At last, everyone’s gone. Only my daughter and me left.

‘I’ll make a pot of tea before I ring for the taxi to take you home, Mother.’

Home took on a different definition once I couldn’t lift a kettle or peel a potato. The Midway Nursing Home (surely I’m more than halfway?) is no place to hang a hat or entice families to gather.

The dimly lit common room there reminds me of a factory assembly line. Green vinyl chairs, tastefully covered with creased incontinent sheets, are placed around the perimeter of the room in a conveyer belt of seats to the front door. As someone doesn’t get up in the morning, we’re all moved round one and someone new takes up position on the line. I’ve been at the front of the queue some time now. The bolshier ones keep getting issued their tickets ahead of me.

‘I expect even Mavis Wallis won’t keep me awake tonight,’ I said to Catherine when she came back into the room.

‘I would have kept you here with me if I could have, Mother. You know that.’

Both our husbands are here now. Leaning against the mantelpiece in their wedding-cum-funeral suits. Old friends to me, and each other.

‘We know, Catherine.’

‘There’s no third party to this, Mother. It was between you and me, remember?’

‘I remember. But third parties make such good company, don’t you think?’

‘You didn’t think any of the third parties I got in to help were good company.’

‘They were strangers. Strangers can be so intrusive.’

‘You left them in no doubt of that, what with all the fuss you made every time they came to shower you.’

‘But male community nurses? What business have they wanting to wash old women?’

‘Mother, they’re professionals. That’s their job. Accepting their help might have kept you here with me longer.’


The way I see it, once she got that Power of Attorney signed I was packed out the front door quicker than a Kirby salesman.

‘I see you’ve swapped a few of the paintings around.’

‘Yes, I hope you don’t mind. I felt like a change.’

‘Your father and I always liked the landscape over the fireplace.’

‘It’s in the hall now.’

‘I’ll tell him he has to go out there if he wants to look at it then.’

‘He wouldn’t mind me moving it, Mother.’

‘Oh yes he does.’

I lift the cup on its shaky course from table to mouth. The tremor in my hand leaves a brown puddle of tea in the saucer. Droplets fall down the front of my good lilac dress.

‘Does it frighten you, Mother?’ Catherine asks, dabbing at the front of my dress with a serviette.

‘Does what frighten me?’


‘Oh, am I frightened of dying?’

I look around the room at the people I have loved in my lifetime and we smile at each other. We all know old age is the cancer everybody gets, not measured in severity by how much time left, but how much time to go.

‘No, Catherine. Death when it comes will be like a hot water bottle in a cold bed – something cosy to look forward to.’

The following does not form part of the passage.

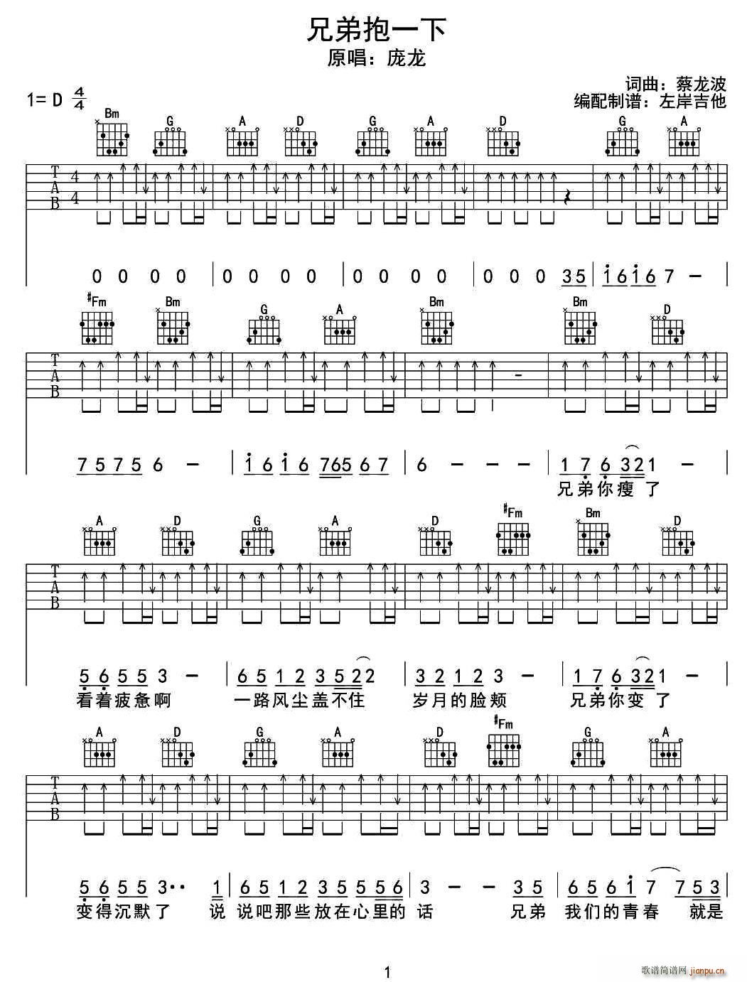 公众号:绵羊乐谱 兄弟抱一下(左岸吉他编配版)免费弹唱吉他谱_六线谱/词曲:庞龙 点击: 1000 图片可能经过缩放,手机长按或点开后长按保存,电脑鼠标右键保存. (车里子) 公众号:绵羊乐谱 | 官方QQ群:978773290 不吃独食,学会分享!本文链接:http://www.shaomingyang.com/btb/33784.html 转载请标明出处,尊重原创(๑╹◡╹)ノ。如信息有误或版权疑问,请通过网站底部联系我们会第一时间处理,感谢理解支持(◕ᴗ◕✿)!

‘I won’t leave you alone, you know, when the time comes.’

‘Oh, I shouldn’t worry about that, Catherine. We’re never alone, not ever.’

‘I’ll start clearing away the mess. You rest here before you have to go back.’

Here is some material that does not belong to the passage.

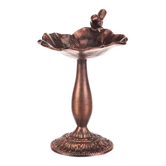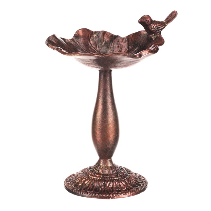 Dotaz na produktToto kovové pítko pro ptáčky v měděné barvě je nejen praktické, ale jedná se také o krásné zahradní doplnění. Miska na podstavci je zdobena malým pěvcem, který dodává pítku jemný detail. Stabilita této dekorace je zajištěna její hmotností a těžištěm ve spodní části. Perfektní pro umístění na zahradu, terasu, případně balkón, kde svým provedením bude dělat radost vám i všem ptáčkům, kteří na zahradu zavítají.

‘Worse things could have happened to me,’ I called after her.

Typically, my words fell on ears deafer than mine.

Others have arrived now – my mother holding a newborn swaddled in a yellowed blanket, a second cousin, an old school friend.

Looking at them, I know I keep missing my train home. They’ve all taken their ticket to ride but I’m left sitting on the platform.

Soon I’ll find the ticket master and then they’ll speak to me.

‘Come on, Clara, hop aboard,’ is what they’ll say.